The comments on the Vision Screen were more mixed with some suggesting more training needed. When asked if they had any ideas for working with this group in the future, 17 offered no suggestions. The rest asked for the new assessment to continue, citing its benefits in terms of their improved knowledge and skills when working with the families. Mention was made of ensuring more inclusion of GPs and there were requests for additional training in the recognition, management and child protection issues of infants who have either withdrawn or are continuing to withdraw from heroin and/or methadone.
Influences on Recruitment to the Study
- These parents influenced each other in many areas of contact with professionals, including in recruitment and participation in the study.

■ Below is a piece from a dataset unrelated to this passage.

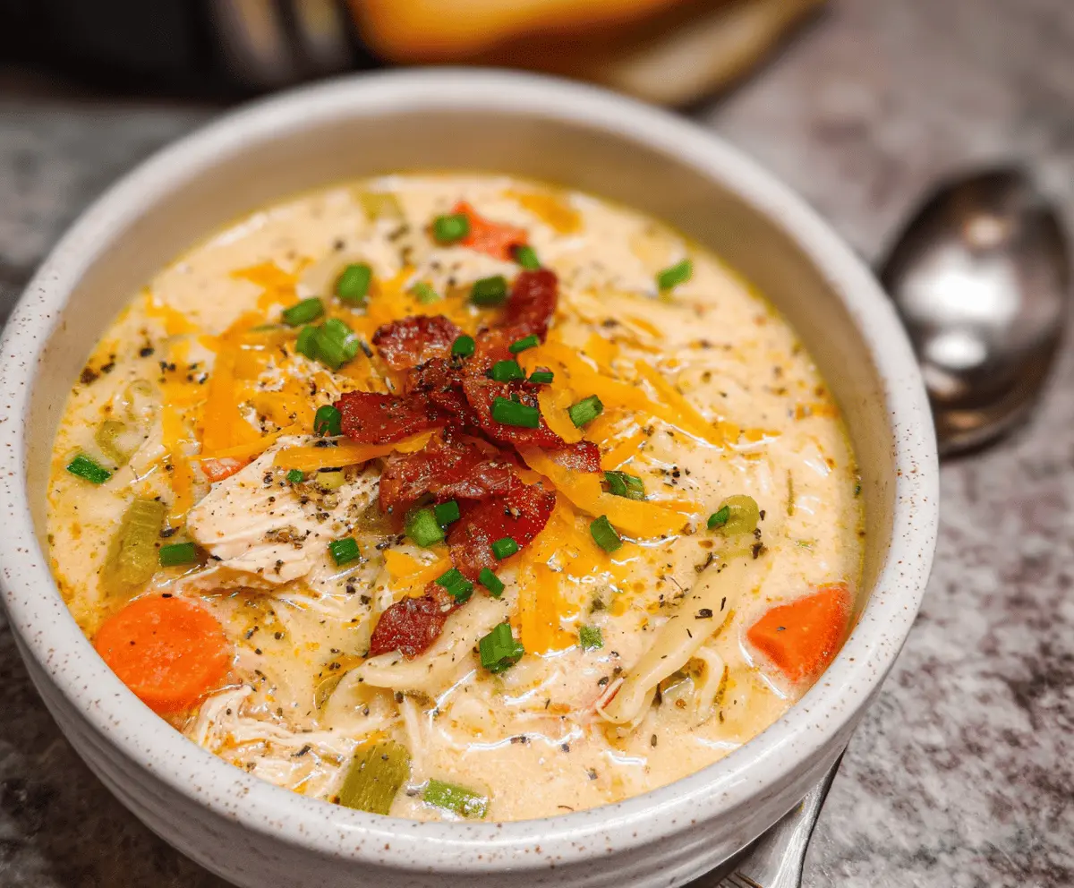 This soup combines creamy, cheesy, and savory flavors with hearty noodles and tender chicken—perfect comfort food with a “crack chicken” twist!

- Influence of Study Nurse: At approximately the midpoint of the study, there was a change of Study Nurse. Both were experienced health visitors and brought different expertise to the study.
Confidentiality
Initial engagement with substance misusing parents is essential to service provision and research. There were problems in securing confidentiality in the neonatal unit as other family members were often present, and they were not always aware of the mother's substance misusing status. Other parents could be present nearby in the unit and a private room was not always available. With time, the Study Nurse was "known" by a wide group of substance misusing parents and was quickly identified by parents in the neonatal unit.
Liaison with parents
Timing a visit to the neonatal unit was not easy, and several attempts were often necessary before the Study Nurse succeeded in speaking to the parents. Problems in liaising with parents arose because parents had unpredictable visiting patterns either arriving late at night, not at all or for only short periods. If parents were obviously under the influence of drugs consent to participate in the study was invalid.
Parental feedback
Ethical Committee approval to ask parents the reasons for refusing to participate in the study was not available. Where parents volunteered their reasons, this information was recorded. In some cases, parents expressed disinterest; there were some direct refusals, and on occasions parents changed their minds. Some parents said they wanted to forget that their baby had NAS, other parents denied this diagnosis, or claimed to have stopped using drugs prior to the pregnancy.

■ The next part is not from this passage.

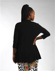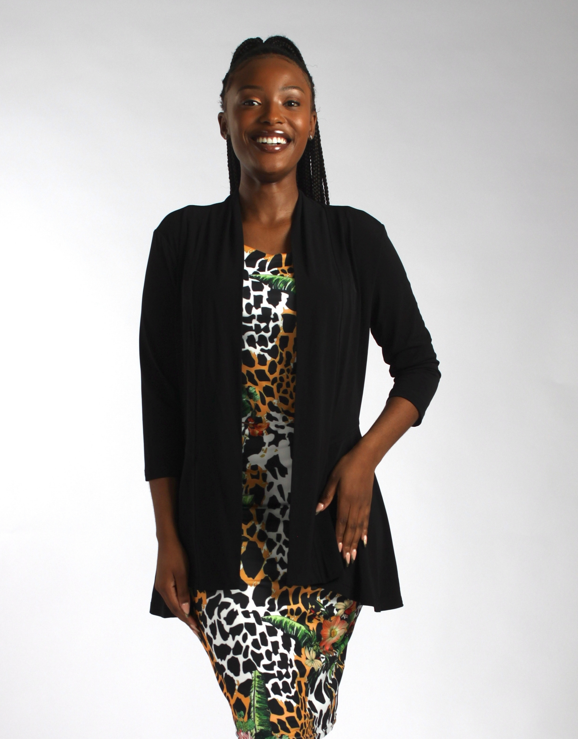 Soft drape open front jacket with a flattering longline fit and three quarter sleeves. Easy to layer, comfortable stretch knit, and a gently flared hem for an elegant finish.
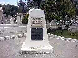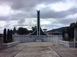 Inaugurado el 26 de noviembre de 1941, obra de Medardo Anaya Armas de estilo art déco.[55] Características Es un mausoleo de estilo clásicao, con de dos elementos, la base rectangular escalonada y la cabecera de tipo obelisco rematando con el relieve escultórico de un águila y en su parte frontal abrazando el volumen escultórico el busto de Felipe Ángeles.[55] Cuenta con un escudo de armas de granada de artillería con flamas, cañones cruzados que representan la fuerza que une a los miembros del Ejército, cestón que simboliza la unión de las fuerzas armadas, flama del pebetero de la antorcha y los rayos que simbolizan las cinco virtudes honor, lealtad, patriotismo, valor y abnegación.[55] Ubicación En el Panteón Municipal de Pachuca. Coordenadas | |

On the grounds of confidentiality we were also not allowed to contact parents at the end of the study to find out their longer term views of the care they received. However some parents volunteered their reasons for participating in research. Some expressed an interest in helping improve services. Others recognised the benefits of the new service to their infant (extra assessments, follow-up) and expressed guilt at causing their infant's problems. Some parents were undergoing parenting assessments by Social Work, and stated they 'needed to be seen to be working with health professionals'.

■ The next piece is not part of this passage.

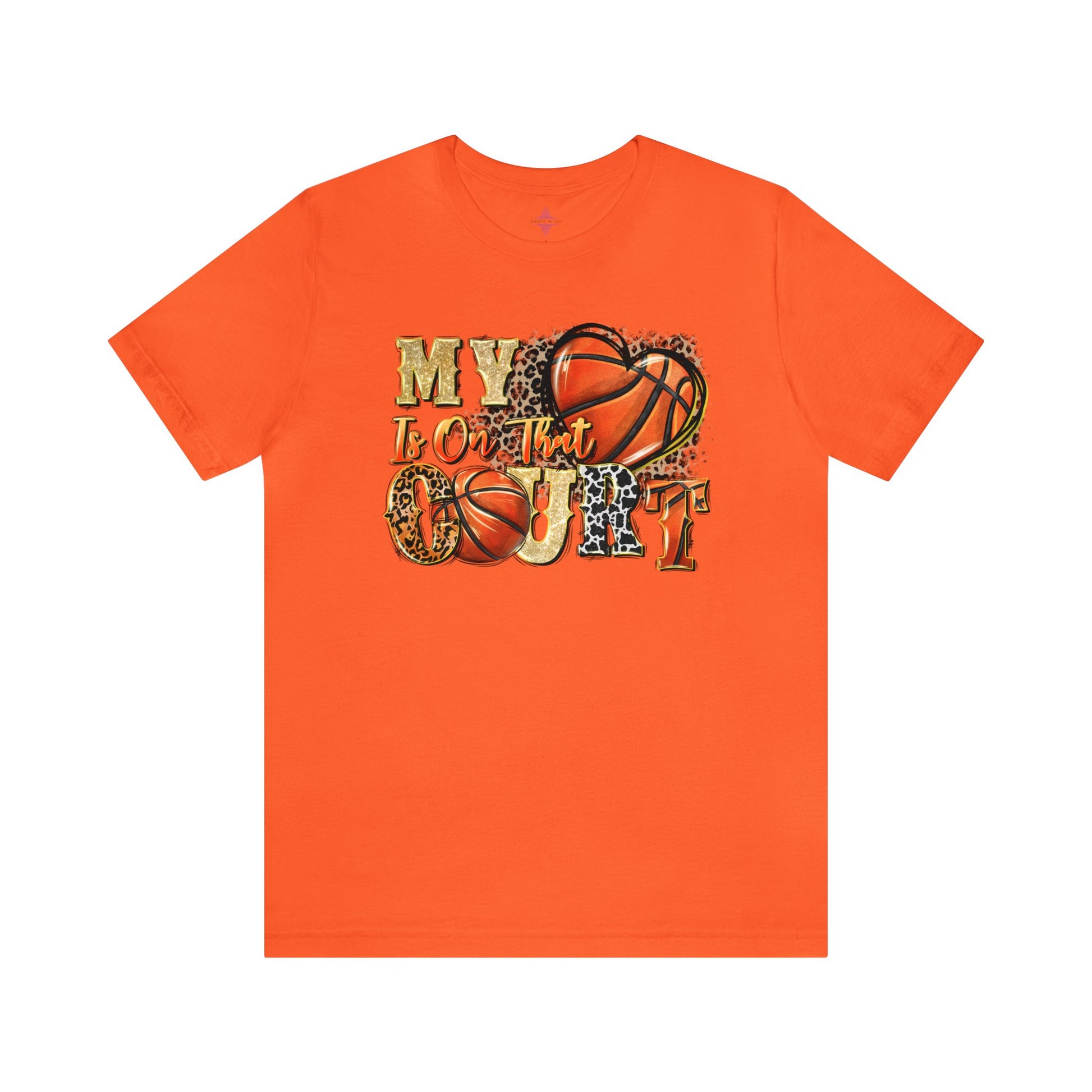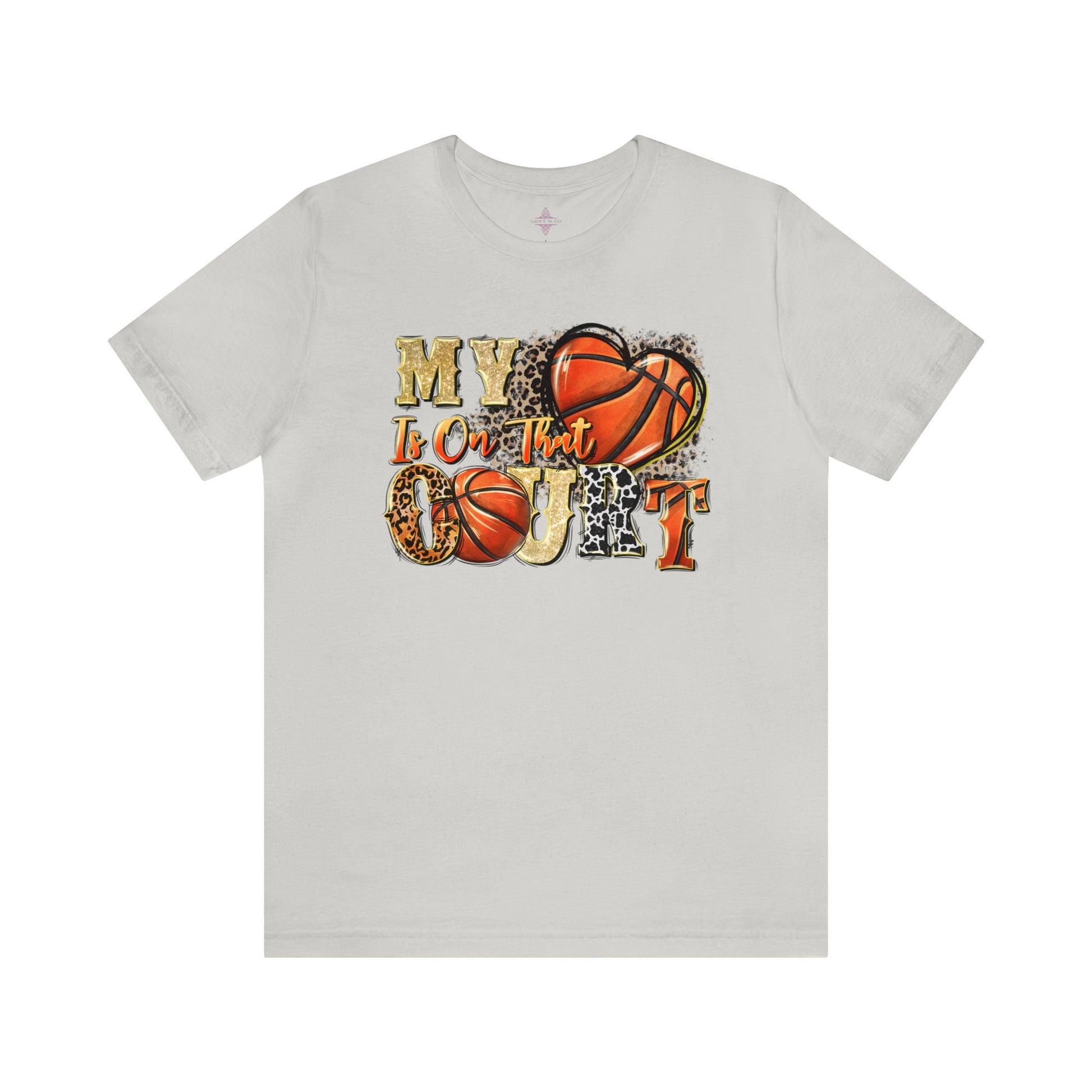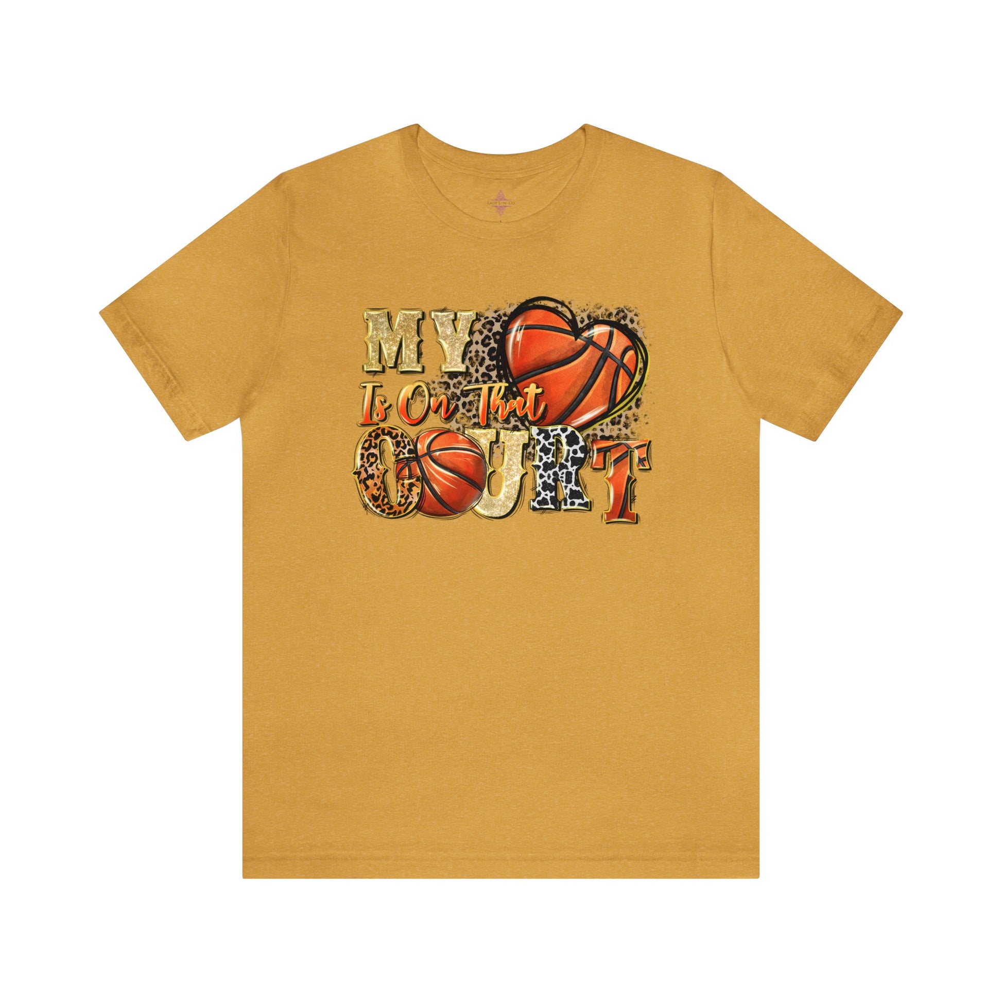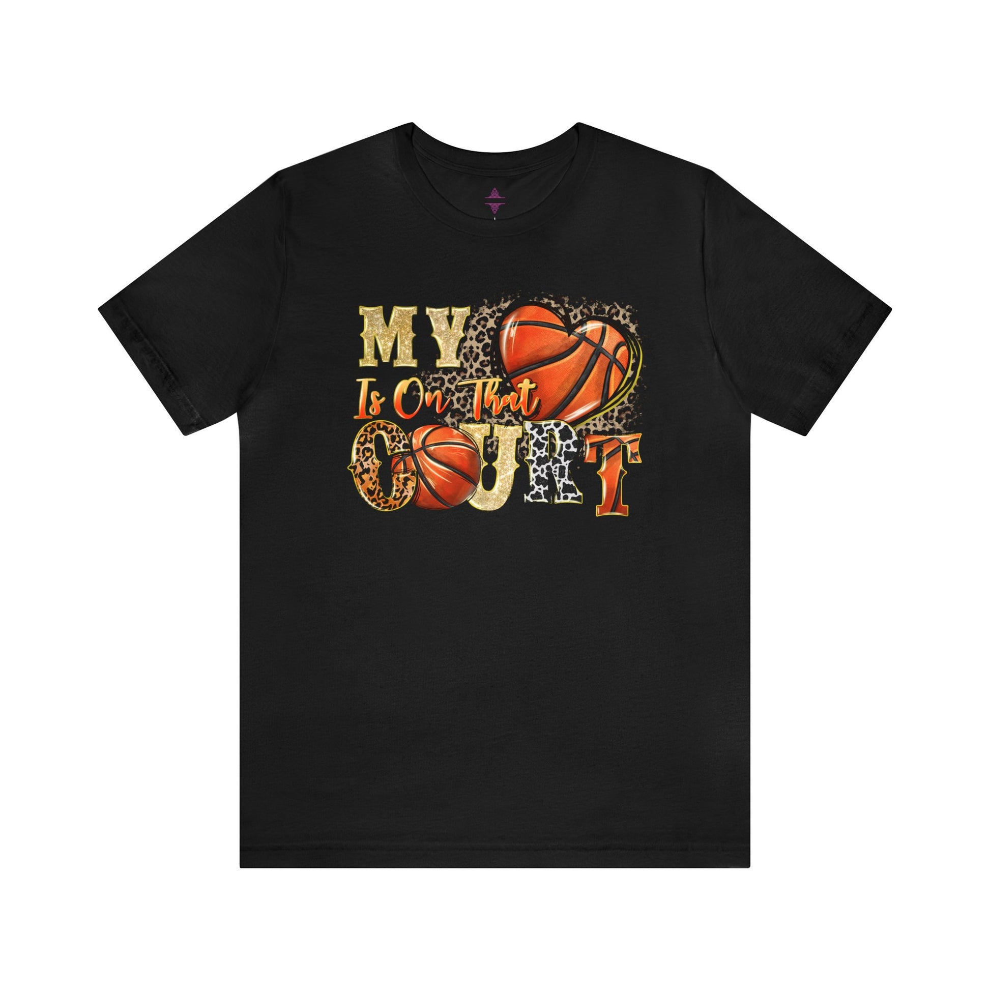 The bold typography, emblazoned with the words "My heart is on that court," adds a touch of flair to your outfit, making it clear where your true devotion lies. The design is dynamic and energetic, mirroring the intensity of your commitment to the court.

As each case was closed, the parents were sent a thank you letter; verbal reports indicate that this was greatly appreciated. Many parents wished to know the outcome of the study suggesting they felt some ownership of the project. The Study Nurse was perceived as being independent of the main health systems and therefore non judgemental.
Summary
- Of the 31 health visitors who offered their opinions on the community assessment, most felt if provided them with an increased awareness of NAS which they valued;
- Most were less sure about the vision screen test and felt they needed more training;
- The health visitors felt supported by the Study Nurse and were unsure how the loss of this role would impact on their work in this area;
- In general, those parents who volunteered to participate in the research were very appreciative of the improved service.